Let $X$ be a Banach space.
Suppose there exists a sequence $\{x_n\}$ in $X$ such that
we have that $\|\sum_{n\in A}\alpha_nx_n\|$ equals the number of elements in $A$.
Does this imply that the closure of the subspace spanned by $\{x_n\}$ is isomorphic to $\ell^1$?
This question is a modification to this question, where $\alpha\equiv 1$.
Yes this is true.
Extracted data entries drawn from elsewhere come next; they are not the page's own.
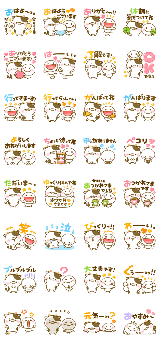 棒人間と牛さんの毎日使えるカラフルカラーのスタンプです。
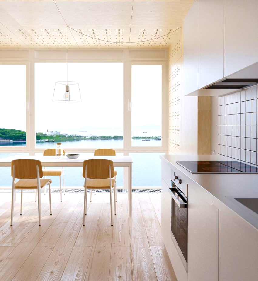Straight lines, smooth textures and solid colors all combine to create a calm atmosphere. Due to the lack of decor and protruding elements, a minimalist kitchen is easy and simple to clean, which means that order and harmony will always reign here.
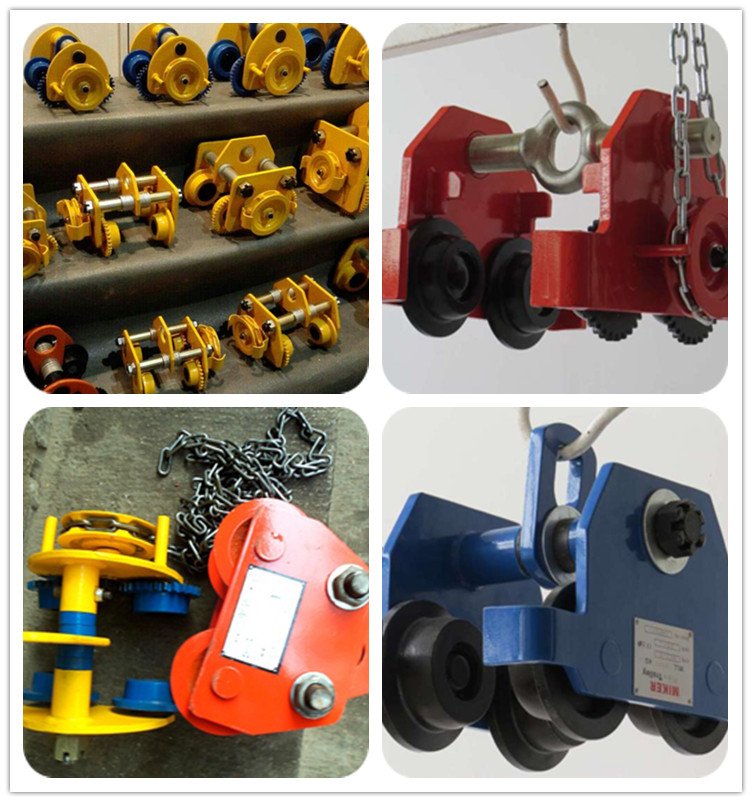 手動單軌小車可懸掛在各式小型吊車或安裝在固定的工字鋼上,配以手拉葫蘆組成完整的起重機(jī)械。對于工作效率要求不高的倉庫,車間和電站,可作為安裝,檢修設(shè)備或吊運(yùn)重物之用。

It is even possible to show more, namely that the closure of the span is isomtrically isomorphic to $\ell^1$.
The main part of the proof will be to show that $$ \tag{1} \label{eq1} \|\sum_{i=1}^n a_i x_i\| = \sum_{i=1}^n | a_i| $$ is true for all $(a_i)\in \ell^1$ and $n\in\mathbb N$.
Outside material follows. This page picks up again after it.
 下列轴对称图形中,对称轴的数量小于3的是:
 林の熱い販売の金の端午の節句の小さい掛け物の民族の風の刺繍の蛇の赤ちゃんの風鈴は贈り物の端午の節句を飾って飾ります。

We prove \eqref{eq1} by induction in $n$.
We assume that \eqref{eq1} was already shown for $n\in\mathbb N$ and we want to show that it also holds for $n+1$. Wlog we can assume that $a_{n+1}\geq |a_i|$ for $i=1,\ldots n$ (Otherwise we can reorder the indices so that $|a_{n+1}|$ is coefficient with the largest absolute value, and $a_{n+1}\geq0$ can be assumed because otherwise we can multiply everything by $-1$).
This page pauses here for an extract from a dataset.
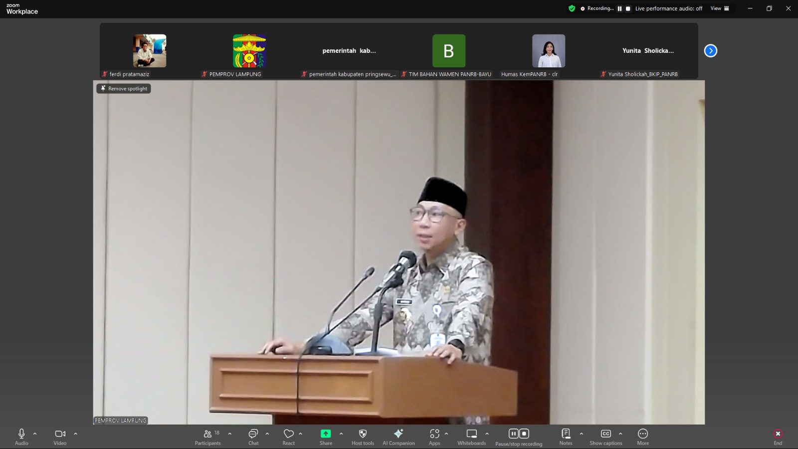 Penghargaan ini diberikan dalam rangkaian kegiatan audiensi yang dipimpin oleh Wakil Menteri PAN-RB, Komjen Pol (Purn) Drs. Purwadi Arianto, M.Si, pada Rabu, 24 Juli 2025, bertempat di Gedung Pusiban, Komplek Kantor Gubernur Lampung. Acara dibuka langsung oleh Gubernur Lampung, Rahmat Mirzani Djausal, dan dihadiri oleh perwakilan dari 15 kabupaten/kota se-Provinsi Lampung.

We define $\alpha_i:=\operatorname{sgn} a_i$. Then we have $$ \begin{align} \|\sum_{i=1}^{n+1} a_i x_i\| &= \|a_{n+1}\sum_{i=1}^{n+1} \alpha_i x_i - \sum_{i=1}^n (\alpha_i a_{n+1}-a_i)x_i\| \\ &\geq \|a_{n+1}\sum_{i=1}^{n+1} \alpha_i x_i\|-\| \sum_{i=1}^n (\alpha_i a_{n+1}-a_i)x_i\| \\ &= |a_{n+1}|(n+1) - \sum_{i=1}^n |\alpha_i a_{n+1}-a_i| \\ &= |a_{n+1}|(n+1) - \sum_{i=1}^n (|a_{n+1}|-|a_i|) = \sum_{i=1}^{n+1} |a_i|. \end{align} $$ The other inequality follows from the triangle inequality.
Thus \eqref{eq1} holds true for all $n\in\mathbb N, (a_i)\in\ell^1$. By continuity it can also be shown that \eqref{eq1} holds for $n=\infty$.
Let us define the map $$ I:\ell^1\to \overline{\operatorname{span}(x_i)}, e_n\mapsto x_n. $$ Then it follows from the above that $I$ is an isometry. Finally, the property that $I$ is an isometry can be used to show that $I$ is surjective and injective.